■ Task directions: Print each entry in full, word for word, with no pictures in the result.
+===+
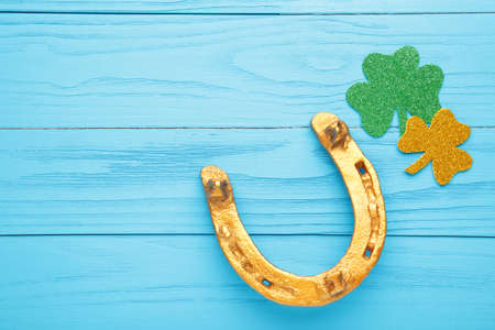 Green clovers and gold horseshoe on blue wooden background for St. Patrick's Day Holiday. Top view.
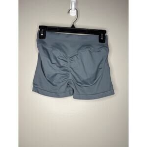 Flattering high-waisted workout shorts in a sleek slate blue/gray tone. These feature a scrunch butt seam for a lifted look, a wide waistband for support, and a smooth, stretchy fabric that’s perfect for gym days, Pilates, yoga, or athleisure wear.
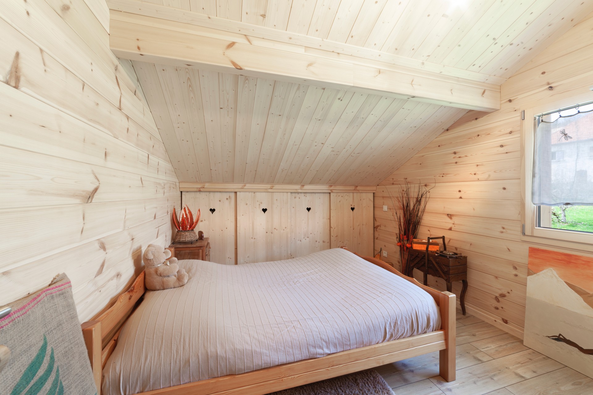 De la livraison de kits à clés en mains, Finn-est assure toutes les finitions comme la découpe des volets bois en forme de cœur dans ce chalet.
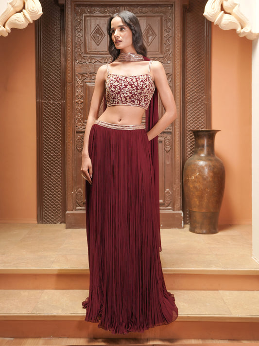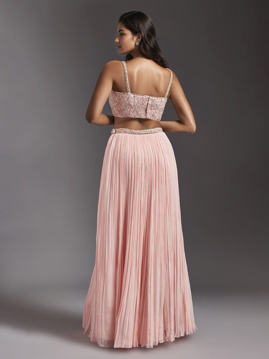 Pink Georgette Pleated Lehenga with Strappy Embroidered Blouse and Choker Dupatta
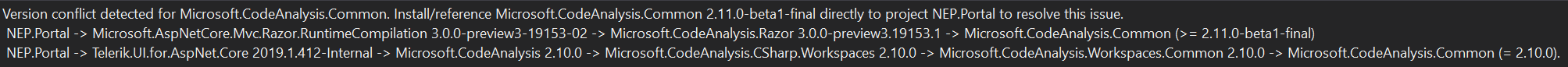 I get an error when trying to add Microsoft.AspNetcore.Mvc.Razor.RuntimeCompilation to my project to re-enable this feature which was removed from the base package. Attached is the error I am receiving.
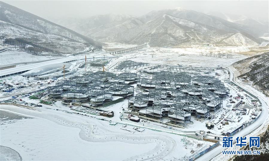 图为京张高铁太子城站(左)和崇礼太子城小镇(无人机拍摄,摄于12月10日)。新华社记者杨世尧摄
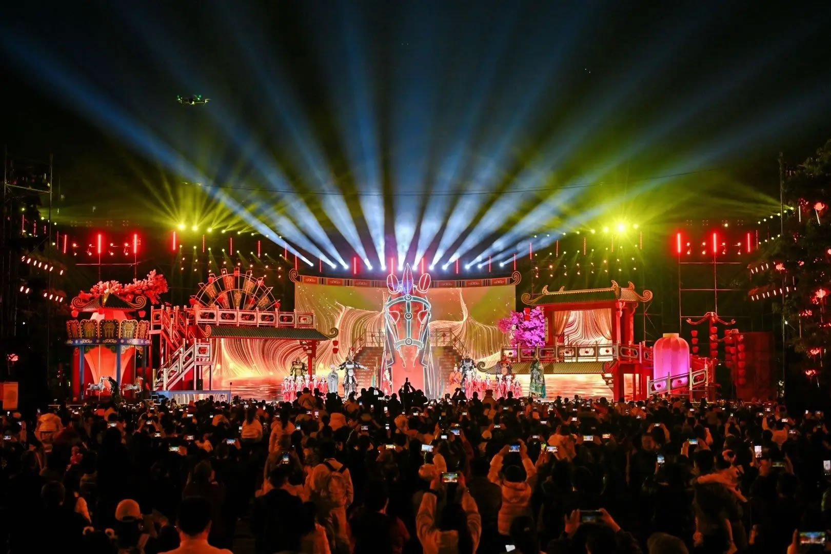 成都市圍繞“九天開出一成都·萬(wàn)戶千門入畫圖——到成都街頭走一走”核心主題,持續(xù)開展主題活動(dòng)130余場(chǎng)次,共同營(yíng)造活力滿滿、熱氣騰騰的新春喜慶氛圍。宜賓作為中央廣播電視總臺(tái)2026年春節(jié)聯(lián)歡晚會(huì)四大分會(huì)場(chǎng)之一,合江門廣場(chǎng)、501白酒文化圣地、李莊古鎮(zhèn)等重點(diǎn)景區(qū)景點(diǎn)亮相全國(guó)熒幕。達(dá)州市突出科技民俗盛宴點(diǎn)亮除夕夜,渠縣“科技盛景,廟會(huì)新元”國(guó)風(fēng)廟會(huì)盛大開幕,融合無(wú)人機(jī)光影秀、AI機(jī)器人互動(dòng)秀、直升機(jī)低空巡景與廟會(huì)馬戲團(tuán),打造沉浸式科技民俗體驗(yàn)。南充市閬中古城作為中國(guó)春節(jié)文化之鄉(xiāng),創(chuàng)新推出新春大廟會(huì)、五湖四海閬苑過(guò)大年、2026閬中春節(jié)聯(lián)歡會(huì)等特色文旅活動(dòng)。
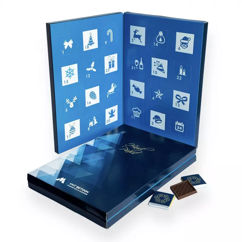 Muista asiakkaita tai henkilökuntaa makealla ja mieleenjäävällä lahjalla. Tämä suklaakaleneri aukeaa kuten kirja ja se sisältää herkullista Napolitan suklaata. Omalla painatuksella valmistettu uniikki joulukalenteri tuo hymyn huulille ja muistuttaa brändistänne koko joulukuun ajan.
+===+
■ Response below:
 Green clovers and gold horseshoe on blue wooden background for St. Patrick's Day Holiday. Top view.
 Flattering high-waisted workout shorts in a sleek slate blue/gray tone. These feature a scrunch butt seam for a lifted look, a wide waistband for support, and a smooth, stretchy fabric that’s perfect for gym days, Pilates, yoga, or athleisure wear.
 De la livraison de kits à clés en mains, Finn-est assure toutes les finitions comme la découpe des volets bois en forme de cœur dans ce chalet.
 Pink Georgette Pleated Lehenga with Strappy Embroidered Blouse and Choker Dupatta
 I get an error when trying to add Microsoft.AspNetcore.Mvc.Razor.RuntimeCompilation to my project to re-enable this feature which was removed from the base package. Attached is the error I am receiving.
 图为京张高铁太子城站(左)和崇礼太子城小镇(无人机拍摄,摄于12月10日)。新华社记者杨世尧摄
 成都市圍繞“九天開出一成都·萬(wàn)戶千門入畫圖——到成都街頭走一走”核心主題,持續(xù)開展主題活動(dòng)130余場(chǎng)次,共同營(yíng)造活力滿滿、熱氣騰騰的新春喜慶氛圍。宜賓作為中央廣播電視總臺(tái)2026年春節(jié)聯(lián)歡晚會(huì)四大分會(huì)場(chǎng)之一,合江門廣場(chǎng)、501白酒文化圣地、李莊古鎮(zhèn)等重點(diǎn)景區(qū)景點(diǎn)亮相全國(guó)熒幕。達(dá)州市突出科技民俗盛宴點(diǎn)亮除夕夜,渠縣“科技盛景,廟會(huì)新元”國(guó)風(fēng)廟會(huì)盛大開幕,融合無(wú)人機(jī)光影秀、AI機(jī)器人互動(dòng)秀、直升機(jī)低空巡景與廟會(huì)馬戲團(tuán),打造沉浸式科技民俗體驗(yàn)。南充市閬中古城作為中國(guó)春節(jié)文化之鄉(xiāng),創(chuàng)新推出新春大廟會(huì)、五湖四海閬苑過(guò)大年、2026閬中春節(jié)聯(lián)歡會(huì)等特色文旅活動(dòng)。
 Muista asiakkaita tai henkilökuntaa makealla ja mieleenjäävällä lahjalla. Tämä suklaakaleneri aukeaa kuten kirja ja se sisältää herkullista Napolitan suklaata. Omalla painatuksella valmistettu uniikki joulukalenteri tuo hymyn huulille ja muistuttaa brändistänne koko joulukuun ajan.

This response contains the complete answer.